Мои записки
Шрифт:
Добавлю, что в настоящее время я удостоен чести быть избранным в почетные члены многих человеколюбивых обществ, как-то: "Лиги мира", "Лиги борьбы с детской преступностью", "Общества друзей человека" и некоторых других. Кроме того, по приглашению редактора одной из наиболее распространенных газет, с будущего месяца я начинаю серию публичных лекций, для каковой цели отправляюсь в турне вместе с моим любезным импресарио. [62]
Между прочим, во избежание излишних пересудов (я живу сейчас точно в стеклянном колпаке) я отказался на некоторое время от продолжения тех приятных собеседований, которые на языке моих очаровательных посетительниц назывались исповедью; надеюсь, впрочем, что со временем мне удастся их восстановить и с избытком вознаградить за испытанные лишения мою милую паству.
62
Я уже подготовил материалы для первых трех моих лекций и в надежде, что читателю моему это будет не совсем безынтересно, сообщу конспект таковых.
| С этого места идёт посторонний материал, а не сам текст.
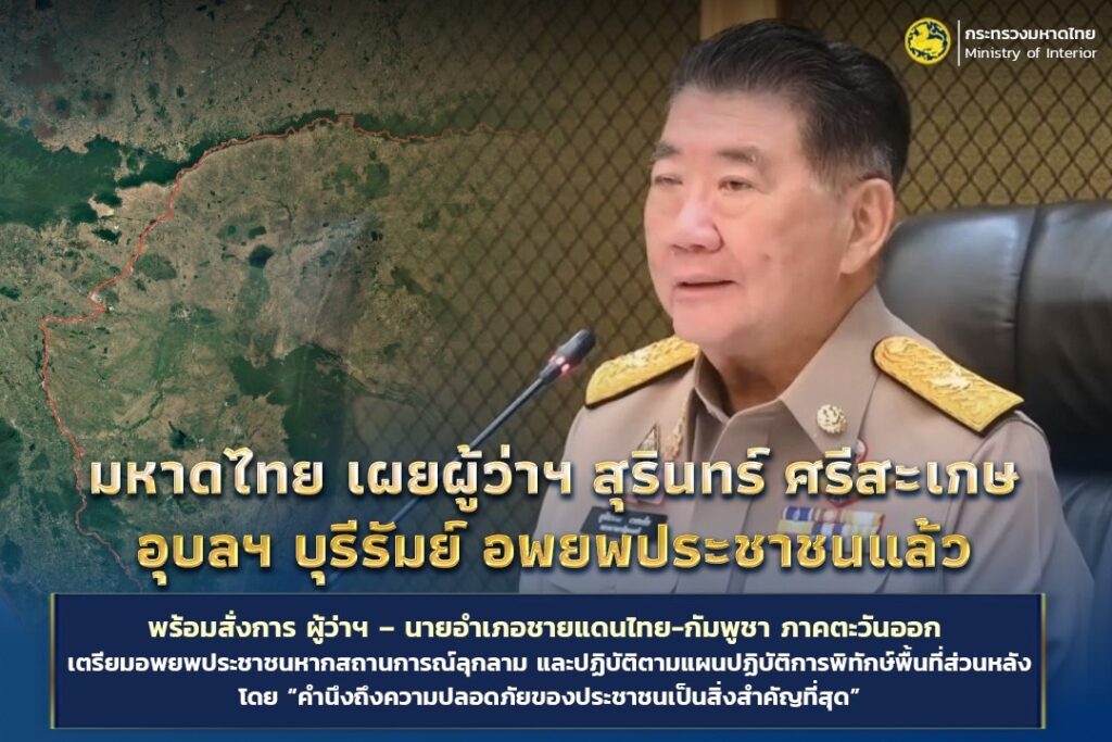 ปลัดมหาดไทยเผยผู้ว่าฯ สุรินทร์ ศรีสะเกษ อุบลฯ บุรีรัมย์ อพยพประชาชนแล้ว พร้อมสั่งการ ผู้ว่าฯ – นายอำเภอชายแดนไทย-กัมพูชา ภาคตะวันออก เตรียมอพยพประชาชนหากสถานการณ์ลุกลาม และปฏิบัติตามแผนปฏิบัติการพิทักษ์พื้นที่ส่วนหลัง โดย “คำนึงถึงความปลอดภัยของประชาชนเป็นสิ่งสำคัญที่สุด”

Хаос или порядок? Извечная борьба между тем и другим. Вечный бунт и вечное поражение бунтовщика – хаоса. Торжество закона и порядка.
Что такое душа человека? Извечная борьба двух начал в душе человека: хаоса, из коего она рождена, и гармонии, к коей она неудержимо стремится. Ложь, как детище хаоса, и правда, как дитя гармонии. Торжество правды и гибель лжи.
Разъяснение священной формулы железной решетки.
Как видит мой благосклонный читатель, справедливость все же не пустой звук, и за мои страдания я получаю ныне немалую награду. Но, не смея ни в чем упрекнуть столь милостивую ко мне судьбу, я все же не чувствую того удовлетворения, для которого, казалось, имел бы полное основание. Правда, первое время я был положительно счастлив; но уже вскоре привычка к строго логическому мышлению, зоркость и неподкупность взгляда, приобретенная созерцанием мира сквозь математически правильную решетку, привели меня к ряду разочарований.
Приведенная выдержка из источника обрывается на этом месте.